Reputation: 2565
Suppose I've got a bunch of similar strings with noise, mainly words wrongly connected/disconnected. Like:
"Once more unto the breach, dear friends. Once more!"
"Once more unto the breach , dearfriends. Once more!"
"Once more unto the breach, de ar friends. Once more!"
"Once more unto the breach, dear friends. Once more!"
How can I normalize everyone into the same set of words? Namely
["once" "more" "unto" "the" "breach" "dear" "friends" "once" "more"]
Thanks!
Upvotes: 1
Views: 77
Reputation: 16039
A bit of a crazy idea, and I am only suggesting it because I was teaching the algorithm I am about to propose to my students this week.

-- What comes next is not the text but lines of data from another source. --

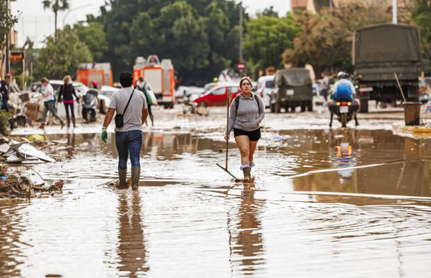 Видео в социальных сетях показывают, как сильные ливни затопили дороги в прибрежных районах Испании. Волонтёры помогают очищать улицы от воды и грязи.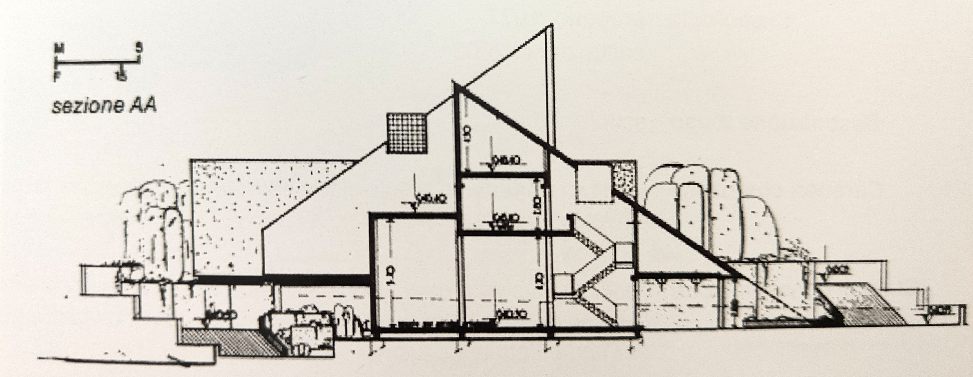 L’edificio progettato per ospitare una serie di laboratori artigianale e un punto commerciale si configura come una composizione di forme geometriche pure. Dei due volumi triangolari principali impostati secondo opposte direttrici risulta realizzato solo quello nord affiancato e intersecato dal cilindro del corpo scala e dal cubo dei laboratori caratterizzati rispettivamente da calcestruzzo a vista e vetrocemento e da intonaco chiaro liscio e uniforme. Al piano terra ogni corpo ospita, quindi, una diversa funzione interna; l’alloggio è ubicato al livello superiore ed è dotato di grandi finestre a nastro e di un terrazzo ricavato in un’asola della copertura utili alla fruizione del paesaggio circostante oggi fortemente alterato dall’espansione edilizia della città.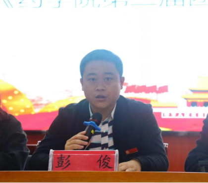 图为 彭俊宣读《药学院第二届团委、学生会干部名单》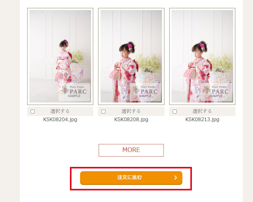 注文する写真を選択後、「注文に進む」をクリックしてください。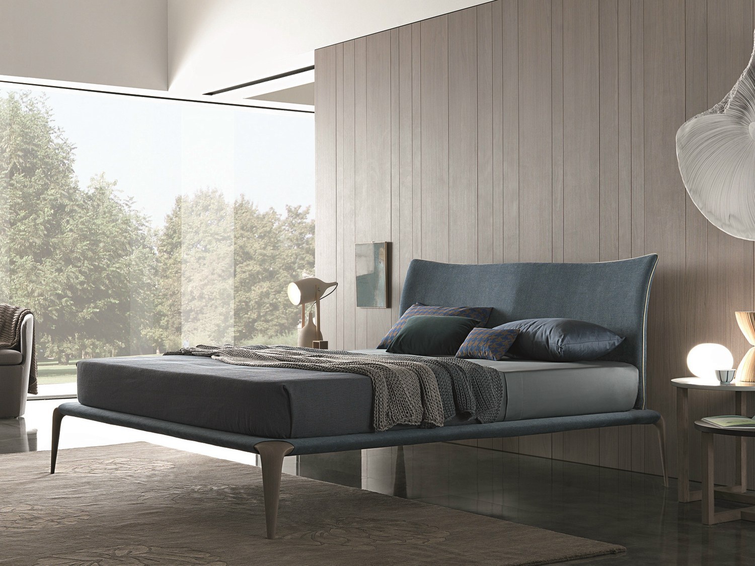 frame: natural wood frame headboard: chrome-plated steel veneer: oak upholstery: textiles seams: handmade coating: lacquered |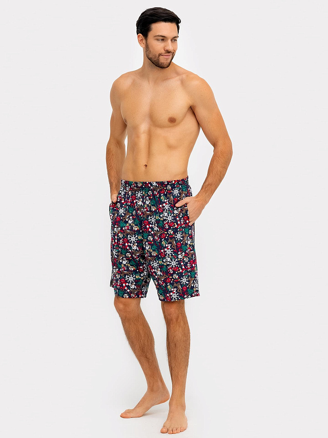 Домашние мужские шорты с принтом. Выполнены из высококачественного хлопка – гипоаллергенного и приятного на ощупь. Пояс – с эластичной тесьмой и шнурком-завязкой, с помощью которого можно регулировать ширину в талии. По бокам шорт есть функциональныекарманы для любимых мелочей. Шорты мужские — идеальный вариант на каждый день, расцветка и принты поднимают настроение и создают комфортную домашнюю атмосферу. Такие шорты легко можно сочетать с любым верхом из линейки домашней одежды для мужчин. Материал мягкий и эластичный, комфортный в носке и не стесняет движений. Если вам нужна базовая уютная вещь, которую вы сможете дополнить любимым верхом – это отличный вариант.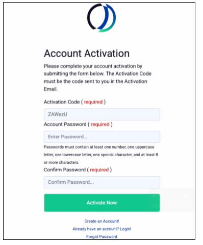 Copy and paste Activation Code or click Activate Account link. Create Password based on password requirements listed.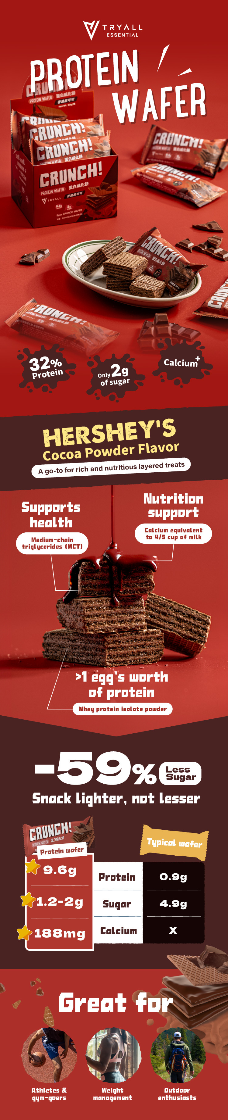 2. Layered crispy texture with a deep, rich dark cocoa taste.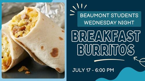 Get ready for an unforgettable Students Wednesday Night (completed grades 6-12)! Join us for delicious breakfast burritos, games, and worship. Don't miss out on this awesome event - see you there! Building 6 - upstairs (Epi-Center).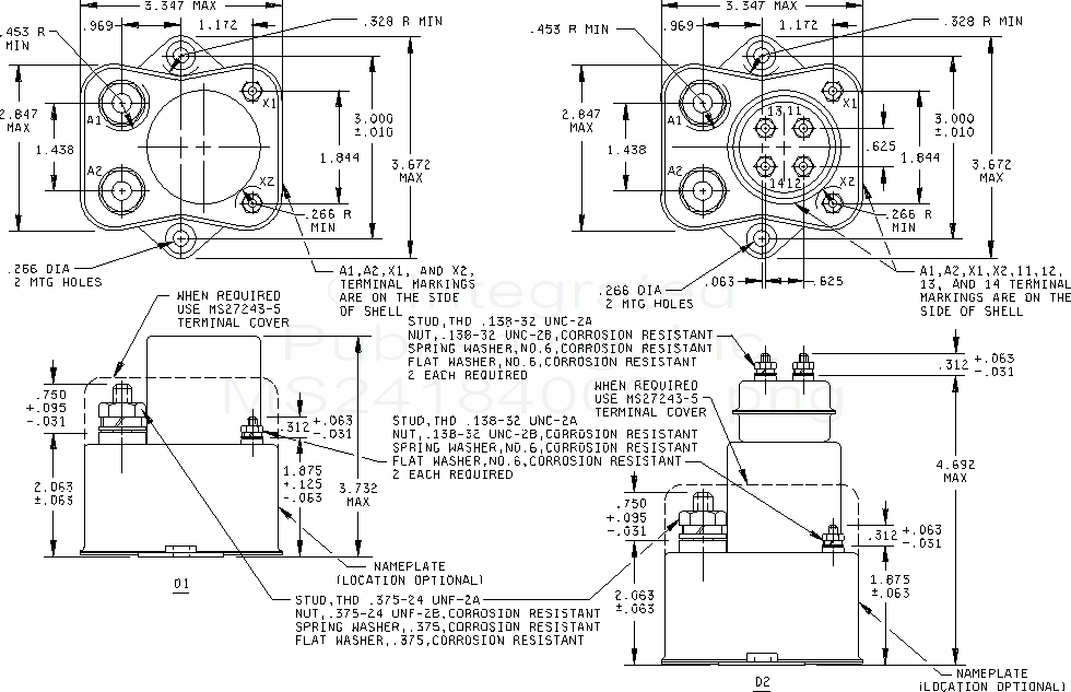 MS24184 Relays, Electromagnetic, 300 Amperes, 1 Pst (N.O.), Type I, With Auxiliary Contacts, Hermetically Sealed

Remove all whitespace from your sentences, e.g. de ar friends
becomes dearfriends
. There exists a quadratic time, linear space dynamic programming algorithm to split the no-whitespace string into the most likely sequence of words. That algorithms is discussed here and here--- the second solution is what I have in mind. The assumption here is you have a good model of what is a word and that it takes constant time to query that model.
Upvotes: 1
Reputation: 22496
Here are a few pointers. I think you will have to eventually end up writing a set of routines/functions to fix all the various types of irregularities that you encounter.
The good news is that you can incrementally add to your set of "fixes" and keep improving the parser.
I had to do something similar, and I found this post by Peter Norvig extremely useful. (Note that it is in Python.)
This function, in particular has the ideas that you need: splitting, deleting, transposing, and inserting the irregular words to 'correct' them.
def edits1(word):
splits = [(word[:i], word[i:]) for i in range(len(word) + 1)]
deletes = [a + b[1:] for a, b in splits if b]
transposes = [a + b[1] + b[0] + b[2:] for a, b in splits if len(b)>1]
replaces = [a + c + b[1:] for a, b in splits for c in alphabet if b]
inserts = [a + c + b for a, b in splits for c in alphabet]
return set(deletes + transposes + replaces + inserts)
The above is one snippet from Norvig's spelling corrector
Even if you cannot use the code as-is, the core idea is applicable to your case: You take a token ("word"), which is the irregular word in your case, try different tweaks to see if it belongs to a big dictionary of known and accepted words.
Hope that helps.
Upvotes: 3